Despite claiming not to have an opinion about file-swapping and software like BearShare, he did prove to have a lot to say about it. "You know, I see it all happening, but you know, it's kind of like walking down to the ocean and yelling and asking the tide not to come in, because the genie's out of the bottle. Nothing that I can do or say is going to change it. There are people who are devoting their lives to it full-time and I don't know what my voice contributed to the argument has to with anything.

"But I do think it's dangerous that a whole generation thinks that they deserve to get music exclusively for free, and what the musicians are a free ride-along? I mean this is a fucking hell of a lot of work; this is not just something like puttering around and I have a day job at a dot-com or something.
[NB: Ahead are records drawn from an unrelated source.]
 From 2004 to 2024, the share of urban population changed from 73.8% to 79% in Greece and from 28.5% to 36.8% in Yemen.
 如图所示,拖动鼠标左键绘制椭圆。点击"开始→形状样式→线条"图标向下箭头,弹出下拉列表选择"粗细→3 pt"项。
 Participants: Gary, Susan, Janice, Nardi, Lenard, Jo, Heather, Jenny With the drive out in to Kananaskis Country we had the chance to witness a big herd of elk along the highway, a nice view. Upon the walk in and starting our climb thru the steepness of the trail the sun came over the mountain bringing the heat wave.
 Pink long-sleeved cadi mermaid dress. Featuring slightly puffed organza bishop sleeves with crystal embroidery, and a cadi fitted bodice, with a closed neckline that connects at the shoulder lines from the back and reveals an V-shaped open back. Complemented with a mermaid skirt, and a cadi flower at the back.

I think that I should be allowed to be in control of that and the way the whole Napster thing blew up - the whole Metallica business. Napster blew up really because someone took an unfinished song from their studio and put it out through Napster, and that's the point - where someone is saying 'I'm a Metallica fan, therefore I think that it's democratically right for everyone to have access to this'. And it's not their right at all; Metallica should have the final say over what of theirs is distributed, there's the argument. Is it going to be the death of copyright?"
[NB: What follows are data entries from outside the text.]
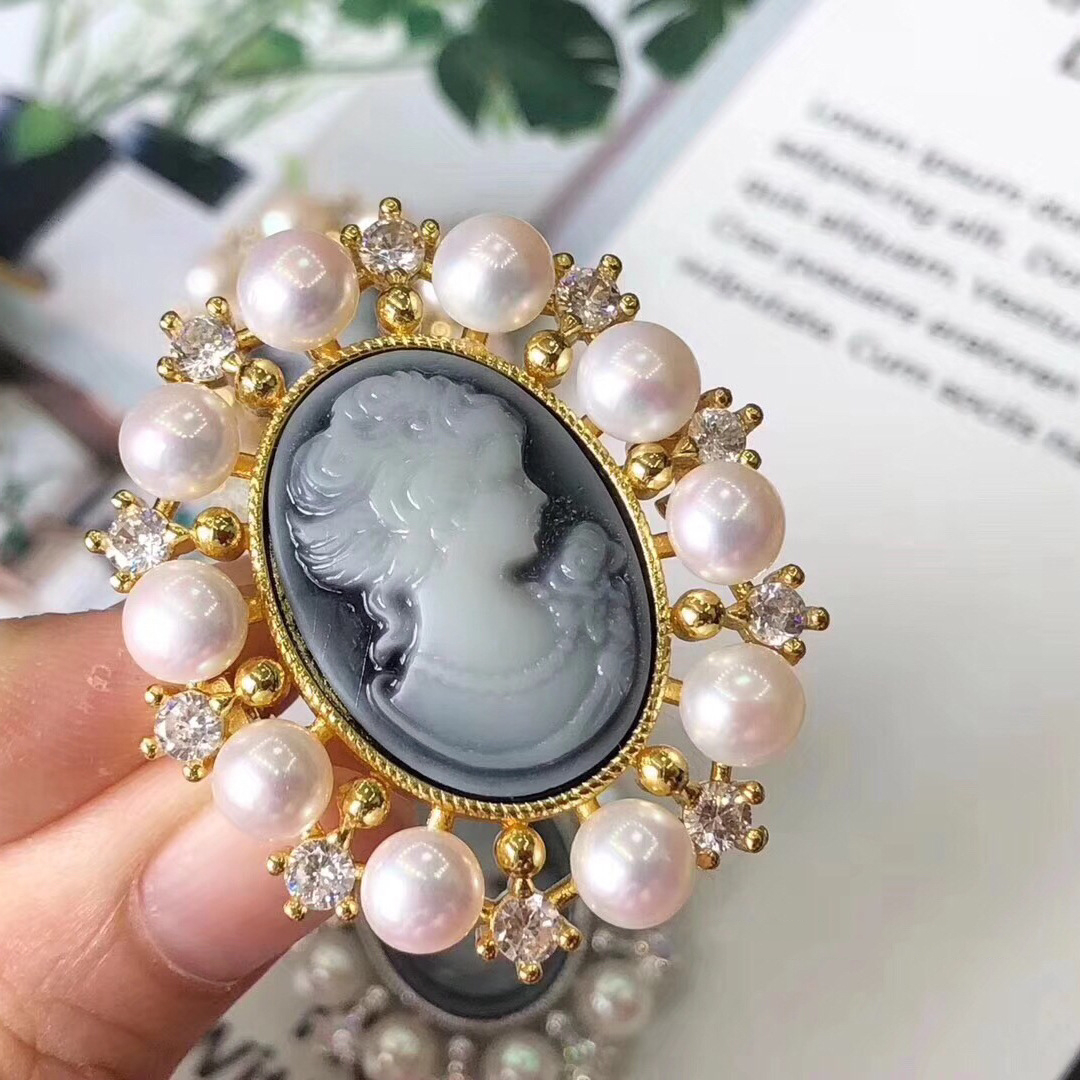 Color: golden brooch with freshwater pearls, silver brooch with freshwater pearls, golden brooch empty holder, silver brooch empty holder
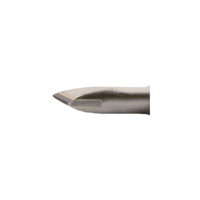 In acciaio speciale temperato con inserto in metallo duro riaffilabile da mm.15x4,5. Manico ricoperto in PVC. Modello = dimensioni mm.
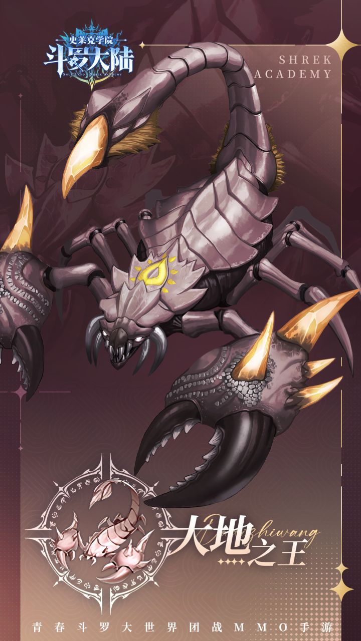 大地之王是出没偶遇森林和山地区的大型蝎类魂兽。它嗜杀成性,虽然不像人面魔蛛的剧毒那么令魂兽畏惧,但同等级的魂兽却少有敢招惹它的。大地之王暴躁易怒,能够驾驭火焰之力,再加之其坚实的外壳,各位学员在狩猎前需要做好充分的准备哦。
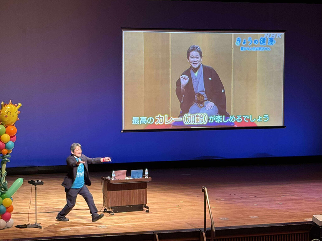 中瀬先生の講演から、笑いヨガの健康効果について、以前よりもさまざまな研究報告が増えていること、これからの時代の生き方など、終始笑いを交えながらの講演が行われました。

He point out that there are not enough people going to concerts, where everyone can make a living doing music, because there's too many people making music now. He says that he thinks the whole process has been too democratised and that the availabilities of the means has devalued music. "Instead of a lot of quality music out there, there's a lot of content, and content is different. And I think that has devalued it.

"And I also think that maybe there use to be generations of people where music was the central core of what they did with their life, and their lifestyle, it's really important. And it really mattered to them, and now it's like for an ADD generation it's just another piece of upholstery, it's another piece of furniture, it's a decoration, and, none of those words are right... maybe it's an accessory to a lot of other things, you know, the Internet, video games, and DVDs and so on. And I think… depends, it's changed a lot. There are many different layers to that cake. There's the real underground, then there's the fake underground, then there is the mainstream, all sorts of shit."

So, go to his website (www.foetus.org) and check out some of the latest audios such as "Radiolarian Ooze," you might be surprised to the see the evolution of Foetus, the persona which has a new CD coming out in the autumn of 2003. Consider everything, deny nothing, put your own spin on it, and you'll come out with brilliance almost every time. Well, that is, if you're Jim Thirlwell.